Ainda para essa autora, nos programas do IAS:

[...] verifica-se a preocupação em estabelecer diálogo com a comunidade escolar. Pelo contrário, o mesmo kit de aprendizagem usado no interior do RS é usado para os índios no Pará, sem qualquer preocupação com os princípios da gestão democrática e curricular (PERONI, 2008, p. 07). A realidade da formação de gestores no Piauí apresenta-se ainda bastante diversificada, tanto no que diz respeito à formação inicial como continuada desses profissionais. O marco regulatório do processo de escolha dos gestores exige apenas formação em nível superior, em curso de licenciatura plena em qualquer área e experiência de dois anos em sala de aula.
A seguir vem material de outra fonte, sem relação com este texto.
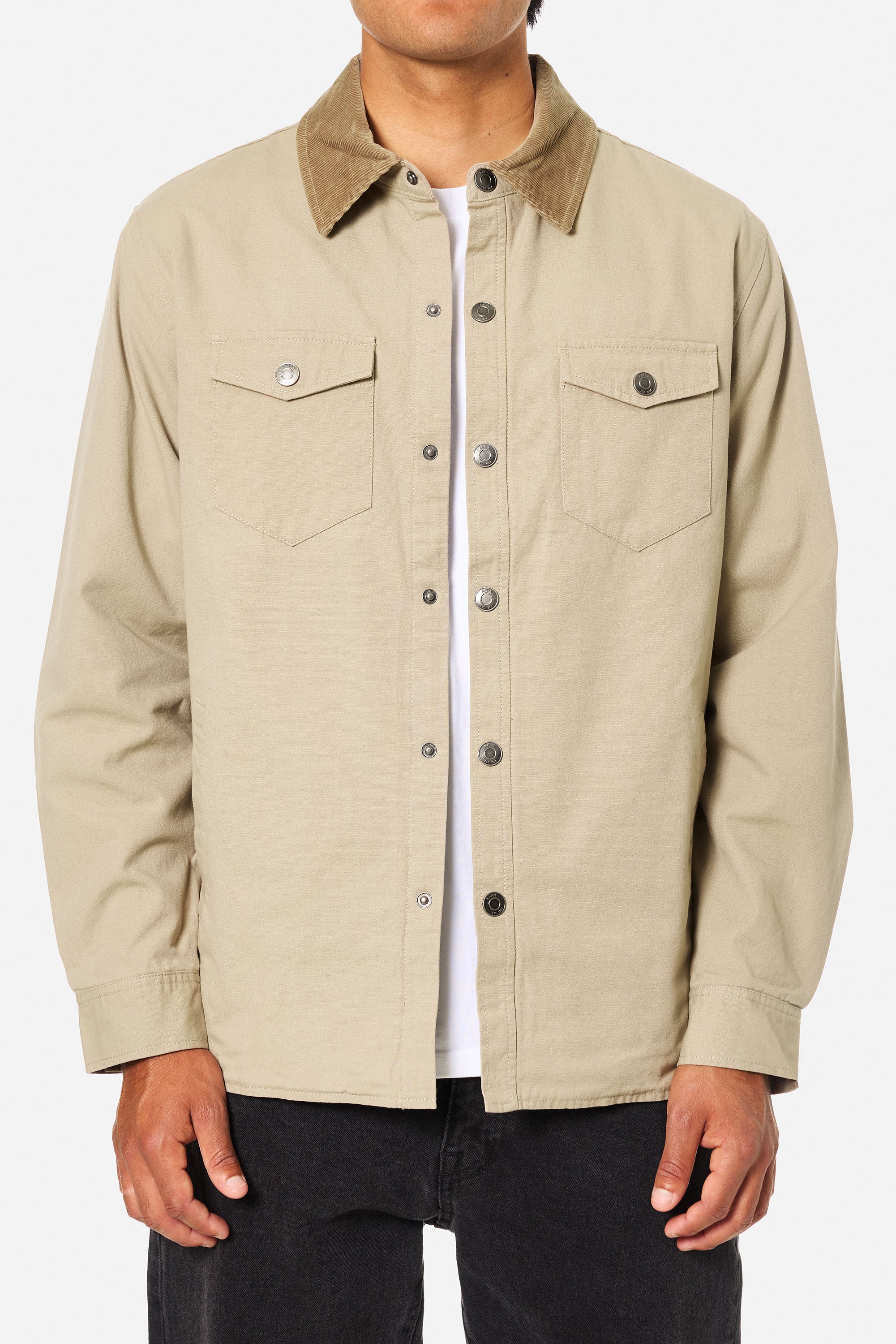 The Campbell Shirt Jacket is made from 100% cotton canvas and features a custom flannel body liner, snap front closure, poly sleeve liner, corduroy collar, front welt pockets, and patch chest pockets.

O PAR do Piauí aponta uma situação de formação de gestores concentrada na capital, através do Progestão, e cursos desenvolvidos pelo Fundescola. Além de capacitações pontuais desenvolvidas pelo Programa PDE Escola a SEDUC aponta o Programa Escola de Gestores e o Programa Formação pela Escola, este último visa capacitar a comunidade escolar para a melhor utilização dos programas do FNDE, não sendo voltado exclusivamente para a gestão escolar.

Essa tentativa de recuperação da trajetória das políticas voltadas para a gestão educacional nas duas últimas décadas, tanto no Brasil como no Piauí, revela um quadro

marcado pela hegemonia dos organismos de cooperação internacional na definição de diretrizes, orientações e marcos legais e operacionais indutores de reformas educacionais com vistas ao ajustamento da educação à nova ordem econômica mundial. Os sucessivos governos têm priorizado a gestão educacional e escolar como condição fundamental para a elevação da qualidade do ensino e, dessa forma, ensejando um conjunto de programas e ações, na maioria das vezes fragmentadas, superpostas e sem articulação e organicidade entre si, com concepções antagônicas. Dessa forma, predomina no campo da gestão educacional uma dualidade conflitiva entre elementos de participação e ações gerencialistas.